▸ **Problem description**
In your copy of the data, keep every word exact and include no pictures.

▸ **Information shown**

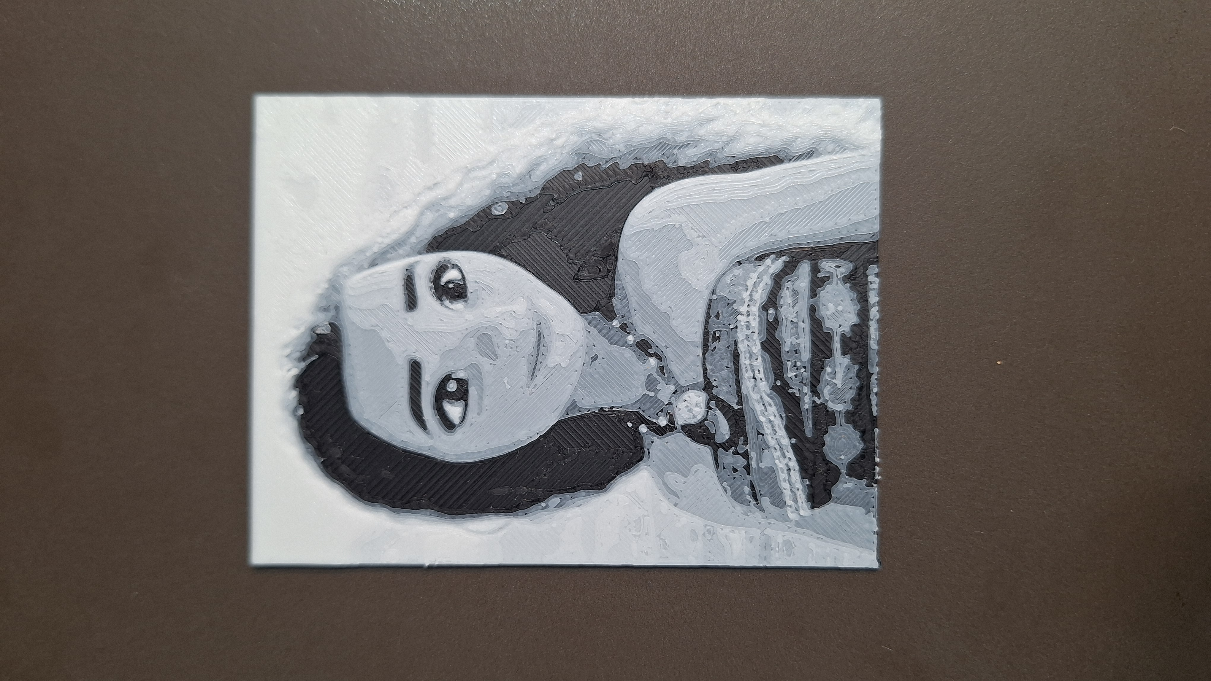 Mẫu thẻ Hueforge đen trắng kích thước 60x80mm của Vaiana. Thông số in: first layer 0,16mm, các lớp còn lại 0,08mm; 0,72mm đầu in màu đen, phần sau in màu trắng.
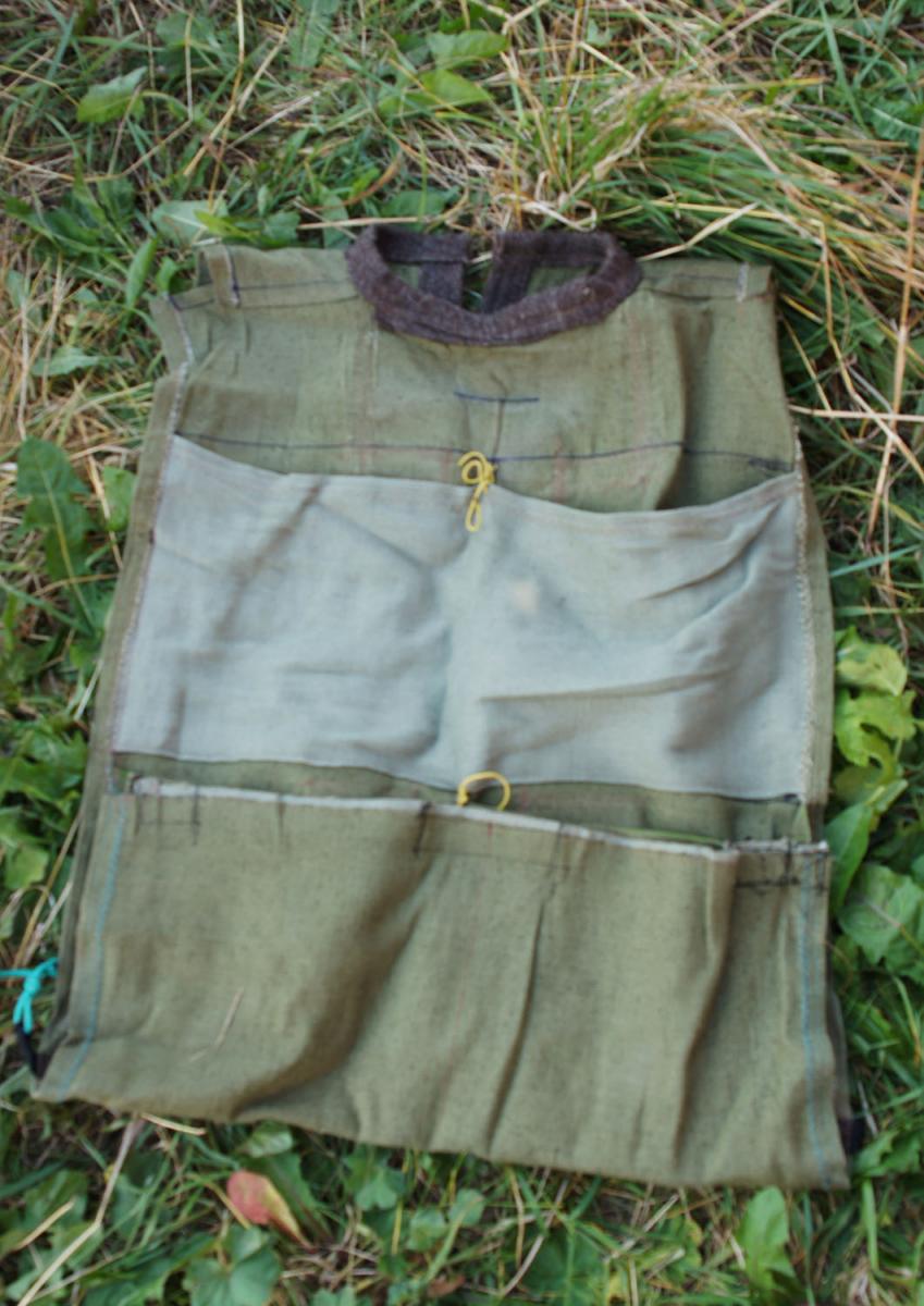 - карманы я делаю в два ряда. задний верхний - не разделенным, для запасной одежды, тента, капюшона и т.д. Нижний, как и все остальные лучше разделить. В нижних более тяжелые и объемные вещи - котелок, еда, добыча (как правило - птица и мелкие животные).
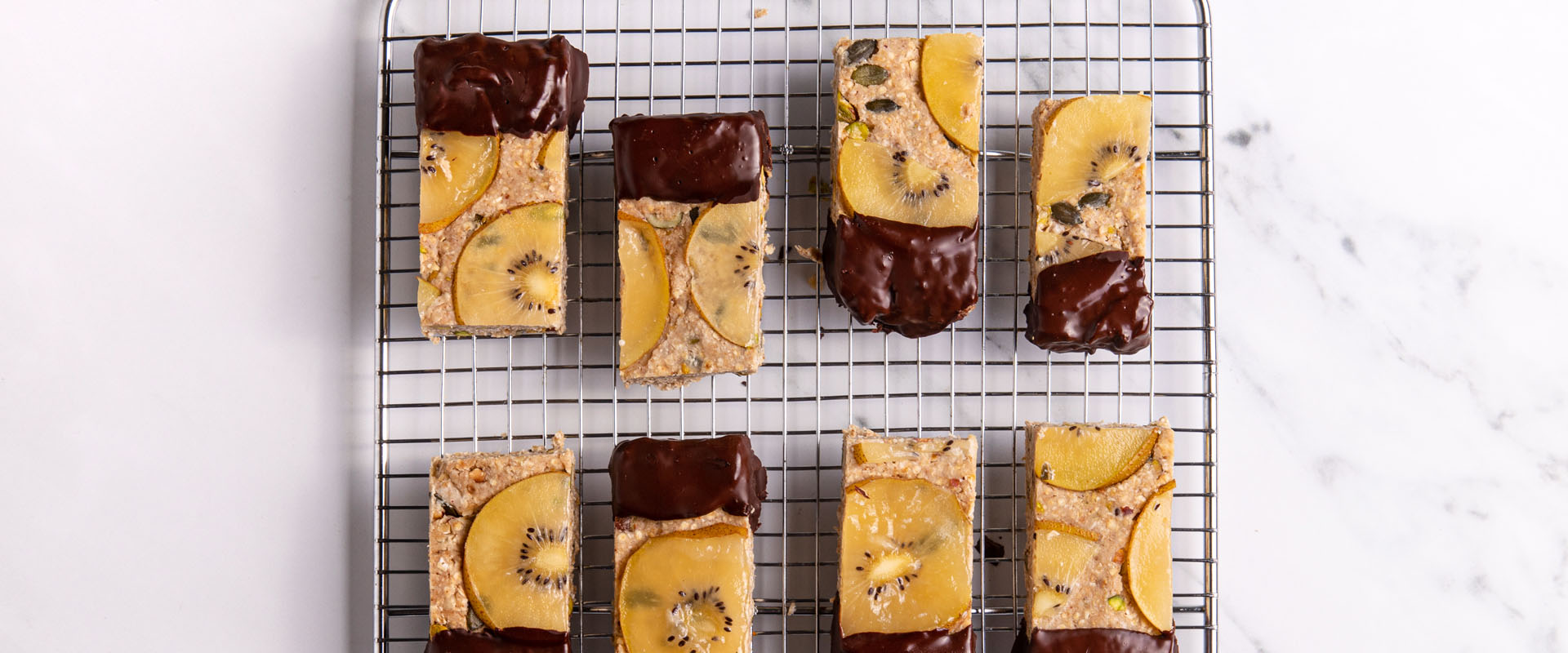 - Line a square baking tin with parchment paper and transfer the mix into the tin. Spread out evenly with the back of a metal spoon. Using the same spoon, make small indentations in the mix to place a slice of kiwi in each one.

▸ **Result for this task**
 Mẫu thẻ Hueforge đen trắng kích thước 60x80mm của Vaiana. Thông số in: first layer 0,16mm, các lớp còn lại 0,08mm; 0,72mm đầu in màu đen, phần sau in màu trắng.
 - карманы я делаю в два ряда. задний верхний - не разделенным, для запасной одежды, тента, капюшона и т.д. Нижний, как и все остальные лучше разделить. В нижних более тяжелые и объемные вещи - котелок, еда, добыча (как правило - птица и мелкие животные).
 - Line a square baking tin with parchment paper and transfer the mix into the tin. Spread out evenly with the back of a metal spoon. Using the same spoon, make small indentations in the mix to place a slice of kiwi in each one.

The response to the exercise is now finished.